Biofuels do more harm than good, UN warns
Growing crops to make “green” biofuel harms the environment and drives up food prices, admits the United Nations
The United Nations will officially warn that growing crops to make “green” biofuel harms the environment and drives up food prices, The Telegraph can disclose.
A leaked draft of a UN report condemns the widespread use of biofuels made from crops as a replacement for petrol and diesel. It says that biofuels, rather than combating the effects of global warming, could make them worse.
The draft report represents a dramatic about-turn for the UN’s Intergovernmental Panel on Climate Change (IPCC).
Its previous assessment on climate change, in 2007, was widely condemned by environmentalists for giving the green light to large-scale biofuel production. The latest report instead puts pressure on world leaders to scrap policies promoting the use of biofuel for transport.
The summary for policymakers states: “Increasing bioenergy crop cultivation poses risks to ecosystems and biodiversity.”
The report into the impact of man-made climate change is the most authoritative of its kind.

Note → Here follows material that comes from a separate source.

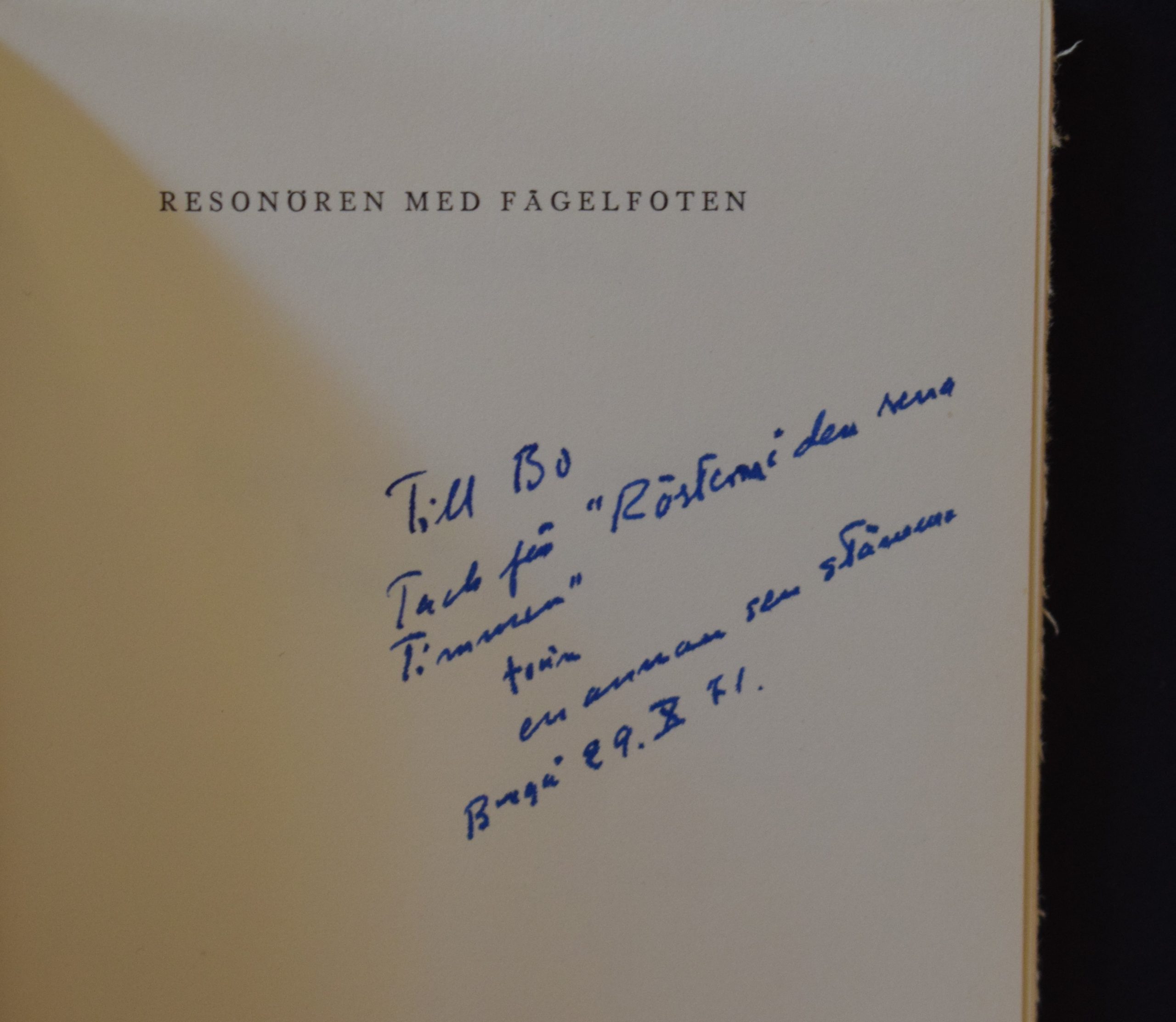 Med författarens dedikation till Bo Carpelan

For the first time, it considered the impact of biofuels on the environment.
Biofuels were once billed as the green alternative to fossil fuels, but environmental campaigners have voiced concern about them for some time.
They note that growing biofuel crops on a large scale requires either the conversion of agricultural land used for food crops or the destruction of forests to free up land, possibly offsetting any reduction in carbon emissions from the use of biofuels.

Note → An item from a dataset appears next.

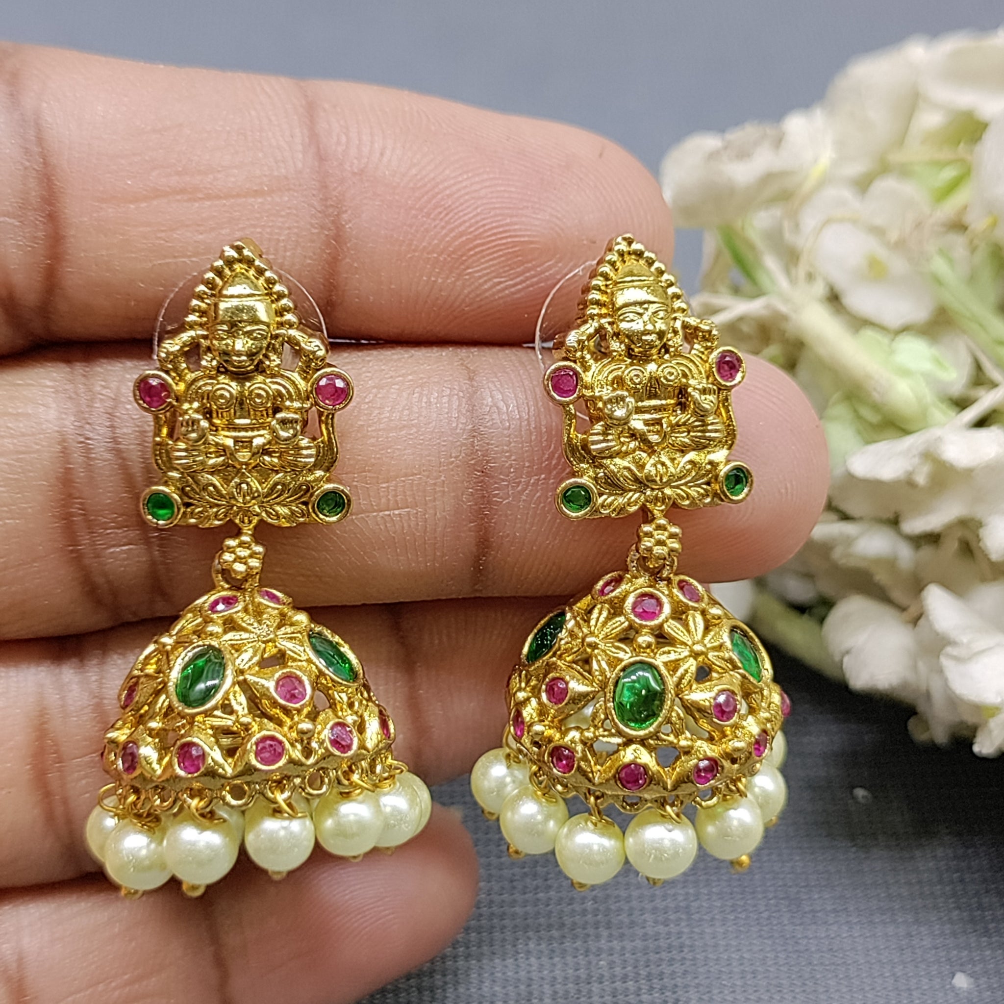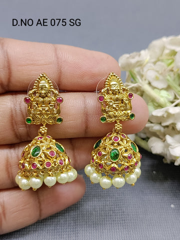 Antique Golden Kempo Jhumki Earring Sku AE 075 SG D3

Other concerns include increased stress on water supplies and rising corn prices as a result of increased demand for the crop, which is fermented to produce biofuel.
Bioethanol, made from corn and sugar cane, can be used as a substitute for petrol, while biodiesel, made from rapeseed, sunflower or palm oil, is an alternative to diesel.
A European Union directive set a target for biofuels used in transport to double to 10 per cent by 2020, although it has limited the amount from food crops to 5 per cent.
Around 5 per cent of fuel sold in the UK comes from biodiesel. The latest Department for Transport figures show 1.33 billion litres were consumed here for the 12 months to April 2013. The IPCC report appears to recognise environmentalists’ concerns. It states: “If production [of biofuels] is not carefully managed, biofuel feedstocks can displace land for food cropping or natural, unmanaged ecosystems.”
Referring in part to deforestation, it says any benefit of biofuel production on carbon emissions “may be offset partly or entirely for decades or centuries by emissions from the resulting indirect land-use changes”. On biofuel production from corn, it adds: “Resulting increases in demand for corn contribute to higher corn prices and may indirectly increase incidence of malnutrition in vulnerable populations.”
An IPCC spokesman said she could not comment until the final report is published on March 31.